Schematic representation of protocol for analyses
The original HOMINGS analysis targeted the V3-V4 region of the 16S rRNA genes (newer analyses now target the V1-V3 regions). An average of >50,000 sequences of about 441 bp per sequence were typically obtained in a MiSeq run of about 90 samples. Bad or low (<5,000) reads were removed from analyses. Species-specific, 16S rRNA-based oligonucleotide "probes", many of which were originally designed for HOMIM, were used in a BLAST program (called ProbeSeq for HOMINGS) written by Sean Cotton to identify the frequency of oral bacterial targets. 538 oligonucleotide probes of 17 to 40 bases targeted individual oral bacterial species or, in some cases, a few closely-related species. In order to get nearly complete coverage, an additional panel of 129 genus-specific probes was used.

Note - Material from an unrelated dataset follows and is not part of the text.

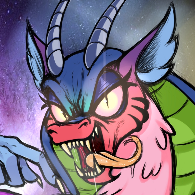 Though Discord couldn’t see it from behind her raised posterior, a rictus grin split her features. The long, muscular tail cradling the base of his skull drew him towards her pillowy cheeks, causing his pupils to shrink to pinpricks. A feeling of licentious dread welled up within his departed stomach, as her stinger tugged at his horn and angled his face upwards.

Outputs were expressed in excel spreadsheets as % frequencies (i.e., relative abundance) of target taxa (partial output shown below) and were converted to bar graphs (see figure below).
Partial output of ProbeSeq analysis. Relative levels are indicated by color gradients shown in green.
Charts of the % frequencies were also provided in the form of stacked bar columns (shown below). Sequence identity and % frequency for each bar is revealed using the mouse rollover.
Stacked bar graphs of ProbeSeq analysis. Relative proportions and comparisons of bacterial taxa can be seen at a glance.
For final analyses, % frequency data could be incorporated in any number of statistical packages, such as the R project, MeV, SAS, and QIIME. In a simple example shown below, 16S rRNA profiling data from clinical samples compared 5 periodontally healthy subjects with 5 periodontitis. Data were incorporated into QIIME to produce bubble graphs (PCA plots). These graphs differentiated the healthy profiles from the disease profiles. In addition, the relative abundance of specific species can be indicated by the size of the spot.